Freedom of Choice

Dr. Malcolm Cross
Dr. Malcolm Cross

It was recently announced that beginning May 1, smoking in Jake and Dorothy’s is prohibited. Since I neither smoke nor care whether others smoke, the decision to ban smoking there means little to me. Of far greater importance is that the decision was not that of the government, but of the restaurant owner herself. This is especially important, given past discussions in the city council concerning the degree to which owners of private property may decide how to use their own property.

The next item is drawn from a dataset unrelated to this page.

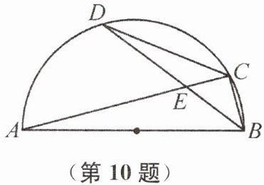 10. 如图,半圆 O 的直径 AB = 7,两弦 AC,BD 相交于点 E,∠DBC = 30°,且 BD = 5,则 DE =

At least twice in recent memory the city council has discussed the possibility of passing an ordinance to ban smoking in restaurants. Now I have no objection to smoking bans in public buildings—city hall, county offices, any Tarleton building, whatever. After all, almost everyone has to go to a government facility some time, and nobody should be exposed to tobacco smoke against his will. This is the same case for vaping; is there some etiquette to follow when vaping our favorite e-juice? In certain places, yes, there most certainly is. It’s no secret that vaping can be used as stop smoking aid however. If you are thinking of making the switch from regular cigarettes to vaping, then doing some research into the many e-cigarette devices and e-liquid flavours such as those in the Humble juice range could be an excellent place to start.

But a restaurant is different. It’s privately owned. Nobody has to dine there. Decisions on smoking in a restaurant should be those of the restaurant owner herself, with the obvious proviso that she incurs the benefits and costs alone. So if a restaurant owner wants to ban smoking everywhere, or somewhere, or nowhere, that’s her right. If she wins more customers with her policies, she deserves the credit. If she loses customers, too bad, so sad. It’s nobody’s problem but hers.

Now science shows that smoking can be dangerous to the health not only of the smoker, but to those in the smoker’s presence—hence the rationale for greater government control over smoking. But so what? Customers who choose to dine there voluntarily assume the risks. And those unwilling to assume the risks can easily avoid them by going elsewhere. Whatever benefits there may be to government control of smoking on private premises must be weighed against the dangers posed by the growth of government power to make and enforce those decisions, and the concomitant decline in the freedom of individuals to make their own make decisions and abide by their results.

The same principle applies to serving alcohol at restaurants. A few weeks ago I wrote of the city council’s decision to postpone a decision on whether to rezone a location to permit someone to open a restaurant which would offer alcohol with its meals. The ostensible reason for the delay was a concern over available parking. But the decision brought to mind city council efforts in earlier years to prohibit alcohol sales in established or prospective restaurants where zoning requirements otherwise allowed them. Arguments frequently focused on the harm alcohol can cause to those who abuse it, as well as their families. But on the city council I always argued that if a restaurateur meets all the legal and zoning requirements to sell alcohol, the city council must not prohibit it from doing so, and that customers could choose for themselves whether to drink or abstain. Otherwise, the benefits to having the government limit the use of alcohol would be outweighed by the threat to freedom posed by a more powerful government limiting the right of adults to legally sell, buy, and consume a legal substance.

Freedom’s never free. Freedom always costs, although the costs may be unpredictable. No matter whether a restaurateur bans or allows smoking, or withholds or offers alcohol, she’ll incur rejection from those who dislike her decisions, and acceptance from those who approve. And no matter whether an adult chooses to smoke, or drink, or do both, or neither, he will incur costs and benefits to whatever course of action he chooses. But all adults should be allowed to make their own business and lifestyle decisions, provided they neither hurt anyone nor diminish anyone else’s rights, and provided they accept the consequences, both good and bad, of their actions. We do not need any nanny state diminishing our freedom for us.

Malcolm L. Cross has lived in Stephenville and taught politics and government at Tarleton since 1987. His political and civic activities include service on the Stephenville City Council (2000-2014) and on the Erath County Republican Executive Committee (1990 to the present). He was Mayor Pro Tem of Stephenville from 2008 to 2014. He is a member of St. Luke’s Episcopal Church and the Stephenville Rotary Club, and does volunteer work for the Boy Scouts of America. Views expressed in this column are his and do not reflect those of The Flash as a whole.